Два часа назад Галкин, заехавший за Фридрихом и открывший запертую на скособоченный замок входную дверь простым нажатием плеча, нашёл его в комнате на голом паркетном полу. Фридрих, голый, в длинных чёрных трусах, спал, скорчившись и вздрагивая, как собака.
— Это снова был золотой шар, — сказал он, поднимаясь с пола, приходя в себя и закуривая.
С некоторых пор его мучали кошмары, в которых ему являлся довольно красивый, тяжёлый и дрожащий золотой шар, приводивший почему-то Фридриха в состояние неудержимого ужаса. Шар светился подобно шаровой молнии и ровно плыл по невидимым наклонным салазкам, раздвигая чёрную пустоту пространства и надвигаясь на Фридриха. Неумолимое приближение шара так пугало Фридриха, что он метался и даже плакал во сне. Это было тем более удивительно, что наяву он не плакал никогда.

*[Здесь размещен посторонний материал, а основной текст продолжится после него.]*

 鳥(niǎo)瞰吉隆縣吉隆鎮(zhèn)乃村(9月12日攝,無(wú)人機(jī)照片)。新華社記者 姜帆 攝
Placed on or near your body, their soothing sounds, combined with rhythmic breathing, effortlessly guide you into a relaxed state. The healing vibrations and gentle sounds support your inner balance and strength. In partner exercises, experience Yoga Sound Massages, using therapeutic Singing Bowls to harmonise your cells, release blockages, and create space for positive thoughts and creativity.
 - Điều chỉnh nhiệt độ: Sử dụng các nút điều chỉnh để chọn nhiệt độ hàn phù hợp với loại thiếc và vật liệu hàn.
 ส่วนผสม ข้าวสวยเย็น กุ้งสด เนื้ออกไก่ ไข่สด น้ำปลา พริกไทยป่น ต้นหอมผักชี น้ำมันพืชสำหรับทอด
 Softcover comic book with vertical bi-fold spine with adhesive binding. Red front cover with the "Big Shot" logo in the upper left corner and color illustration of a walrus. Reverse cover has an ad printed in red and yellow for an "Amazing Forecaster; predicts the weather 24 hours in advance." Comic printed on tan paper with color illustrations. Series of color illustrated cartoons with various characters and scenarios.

— Какой ещё шар? Собирайся, — недовольно сказал Галкин.
Галкин был лет на двадцать пять моложе Фридриха, однако называл его на “ты”. Так делали теперь все, кто его знал.

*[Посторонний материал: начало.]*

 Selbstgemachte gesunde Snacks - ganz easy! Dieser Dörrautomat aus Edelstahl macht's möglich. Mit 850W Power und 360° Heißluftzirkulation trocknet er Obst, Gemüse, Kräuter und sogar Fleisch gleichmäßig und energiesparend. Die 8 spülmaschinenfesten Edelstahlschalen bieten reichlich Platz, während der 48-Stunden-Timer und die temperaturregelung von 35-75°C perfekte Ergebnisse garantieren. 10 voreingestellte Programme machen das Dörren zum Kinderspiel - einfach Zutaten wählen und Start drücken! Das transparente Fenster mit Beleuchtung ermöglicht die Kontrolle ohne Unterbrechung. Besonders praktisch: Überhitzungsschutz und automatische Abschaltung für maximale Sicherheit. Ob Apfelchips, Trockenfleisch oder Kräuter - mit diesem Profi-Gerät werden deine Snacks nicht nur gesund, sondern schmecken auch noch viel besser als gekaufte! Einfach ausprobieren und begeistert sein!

На пароходе, в каюте, Галкин тут же захлопотал и запыхтел: зачем-то заглянул в гальюн, затем бережно уложил зачехлённую гитару, которую всегда и везде таскал с собой, после этого раза три пристраивал на полке свою большую брезентовую сумку с длинными лямками, отходил, смотрел на неё и, подходя, снова перекладывал. У Галкина были большие обвислые щёки, жирная грудь; цветастая рубашка его была расстёгнута пуговицы на три, и в вороте виднелась неизвестно для чего в такую жару надетая майка. Фридрих старался не смотреть на него.
Наконец Галкин сунул в карман рубашки толстенькую пачку рублей и побежал искать водку.

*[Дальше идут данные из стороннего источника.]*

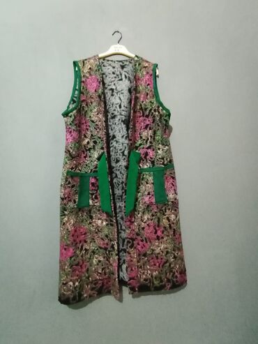 Gündəlik və ya milli üslubda kombinlər üçün uyğun, qışda isti saxlayan şuba və üzərində rəngarəng naxışlı jilet. Ölçülər şəkillərdəki kimi uzun formadadır.
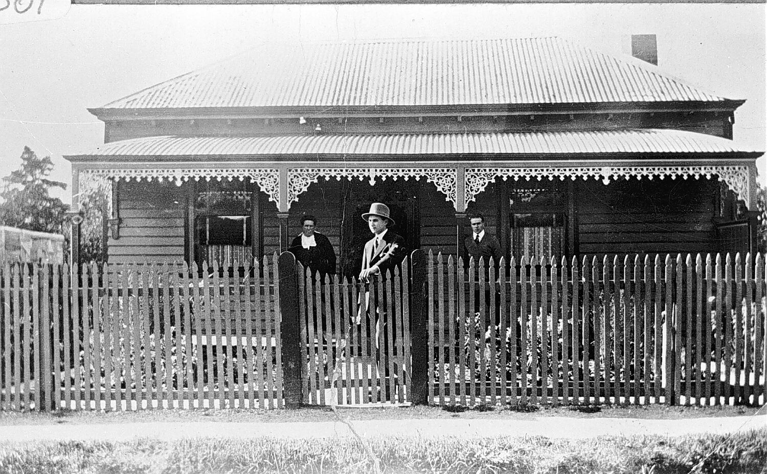 A man at the gate to a small wooden house. There is another man and a woman on the verandah which has iron lacework.
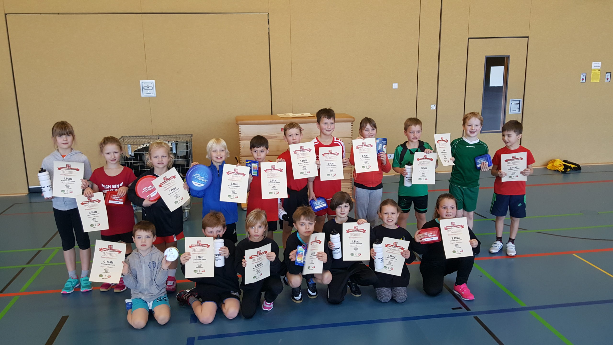 Obwohl die meisten vorher mit Aufregung zu kämpfen hatten, sah man es Ihnen während den Übungen nicht mehr an und somit konnten unsere Mädels und Jungs sehr gute Ergebnisse erzielen. Leider hatten unsere beiden 2008er Girls Annika und Annalena schwierigere Voraussetzungen auf einen Podiumsplatz zu gelangen, da insgesamt 16 Mädchen in ihrer Altersklasse angetreten sind. Besser lief es dafür für unsere 2009er Mädchen Jule und Melinda, denn die beiden hatten gar keine Konkurrentinnen und schafften es somit locker auf Platz 1 (Jule) und Platz 2 (Melli). Konkurrentinnen hätten es bei Jules und Mellis Leistungen aber sowieso schwer gehabt 😉 Ähnlich wie bei unseren 2009er Jungs Damian und Luca. Gegen Damian hat keiner einen Stich gesehen (Platz 1) und auch Luca schaffte es aufs Treppchen (Platz 3). Auch in der Gruppe weiblich 2010 konnten wir mit Naimi (Platz 1) und Maila (Platz 3) kräftig abräumen.

— Ты, Коля, главное жди и никуда не ходи, — сказал он выходя. — Эту гитару мне делали по спецзаказу, не дай бог уведут.
Лаковая дверь закрылась за ним, и Фридрих посмотрел на часы. До отправления оставалось ещё минут сорок. Желательно было бы отчалить уже похмелившимся; Фридриху было так плохо, что хотелось выть, но он относился к разряду мужественных алкоголиков и мог терпеть долго.
Тем не менее закрыть глаза он боялся.
2
А когда-то Фридрих был счастливым и удачливым человеком.
Физик по образованию, он работал в Академгородке, в одной из закрытых лабораторий, имея репутацию одарённого и волевого учёного и быстро продвигаясь по научной и служебной лестницам.
Несмотря на молодость, уже через год работы в лаборатории никто, за исключением близких друзей и жены Галины Нежной (сохранившей и в замужестве свою странноватую украинскую фамилию), не смел называть его на “ты”. Он был “вы” и “Николай Львович”.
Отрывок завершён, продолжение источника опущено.